Полковника предупредил, а сам не удержался от азарта, от желания понаблюдать за противником. Появилось прямо-таки мальчишеское стремление увидеть фашистов, чуть не подстреливших его, самому в отместку пальнуть по ним.
Пошел с Михайловым через лес, проваливаясь кое-где до пояса. На опушке падали, стукаясь о стволы, ослабевшие на излете пули. Дальше, до бугорка, пришлось ползти, пробивая в снегу глубокий коридор. Было совсем светло, но Павел Алексеевич не боялся, что их заметят. Белые халаты маскировали надежно.
Бинокль словно придвинул деревню. Вот плетень, покосившиеся ворота. В третьем от околицы дворе кошка кралась вдоль стены. Это было единственное живое существо. Немцы так укрылись, будто их вовсе нет. Лишь по звукам Павел Алексеевич определил, что противник ведет огонь из четырех пулеметов. И все они выдвинуты сюда, к лесу. Северная окраина, видимо, не прикрыта. А поле там ровное, обдутое ветром. Снег не очень глубок…

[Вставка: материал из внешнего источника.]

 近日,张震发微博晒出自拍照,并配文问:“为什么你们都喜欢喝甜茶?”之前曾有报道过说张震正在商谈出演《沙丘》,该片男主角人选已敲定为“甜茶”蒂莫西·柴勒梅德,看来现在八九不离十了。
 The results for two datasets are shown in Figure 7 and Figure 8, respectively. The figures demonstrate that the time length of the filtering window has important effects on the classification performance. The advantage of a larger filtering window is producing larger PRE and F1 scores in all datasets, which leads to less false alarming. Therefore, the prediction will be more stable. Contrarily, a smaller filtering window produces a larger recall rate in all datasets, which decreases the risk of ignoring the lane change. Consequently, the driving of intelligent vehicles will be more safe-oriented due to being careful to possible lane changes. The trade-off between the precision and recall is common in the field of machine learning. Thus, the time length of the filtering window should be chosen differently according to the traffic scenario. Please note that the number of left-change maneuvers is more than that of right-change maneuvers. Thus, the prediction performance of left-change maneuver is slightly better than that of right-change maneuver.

На дорогу Белов вернулся с готовым решением. Панкратову — наступать, сковывая противника. 170-му кавполку из дивизии Глинского выделить эскадрон со взводом станковых пулеметов. Этому отряду незаметно обойти деревню Бабенки с севера.
— Кто поведет эскадрон?
— Я, товарищ генерал! — подъехал всадник с румяным лицом. Глаза дерзкие, насмешливые. — Лейтенант Кириченко!

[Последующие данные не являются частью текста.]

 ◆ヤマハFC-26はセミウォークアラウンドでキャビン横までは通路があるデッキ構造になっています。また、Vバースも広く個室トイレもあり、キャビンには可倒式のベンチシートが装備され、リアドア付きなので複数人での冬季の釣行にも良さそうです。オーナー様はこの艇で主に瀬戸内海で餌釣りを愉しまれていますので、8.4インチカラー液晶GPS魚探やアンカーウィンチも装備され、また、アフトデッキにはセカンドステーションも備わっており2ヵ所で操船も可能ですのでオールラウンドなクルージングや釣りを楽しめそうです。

— Вот что, лейтенант! — весело сказал Павел Алексеевич, сразу поверив в удачливость молодого комэска. — Действуй стремительно. Пулеметы — на случай, если ввяжешься в огневой бой. Только сперва посмотри: если снег позволяет, атакуй в конном строю.
Между тем к деревне подтянулся штаб корпуса. Люди расположились на продолговатой поляне. Под деревьями хлопотал возле походной кухни повар в белом колпаке. А комендант штаба стоял рядом, требуя топить так, чтобы не было дыма.
Греясь чаем, Белов прислушивался к стрельбе. Определил, когда бой достиг кульминации, сказал комиссару:
— Ну, теперь можно ехать.
— И я с тобой. А то очень уж настроение у тебя геройское. На засаду нарвался, в разведку полез… Ты же командир корпуса!
— А ты, значит, решил охладить пыл зарвавшегося генерала? — засмеялся Павел Алексеевич. — Это, конечно, Михайлов позаботился, проинформировал?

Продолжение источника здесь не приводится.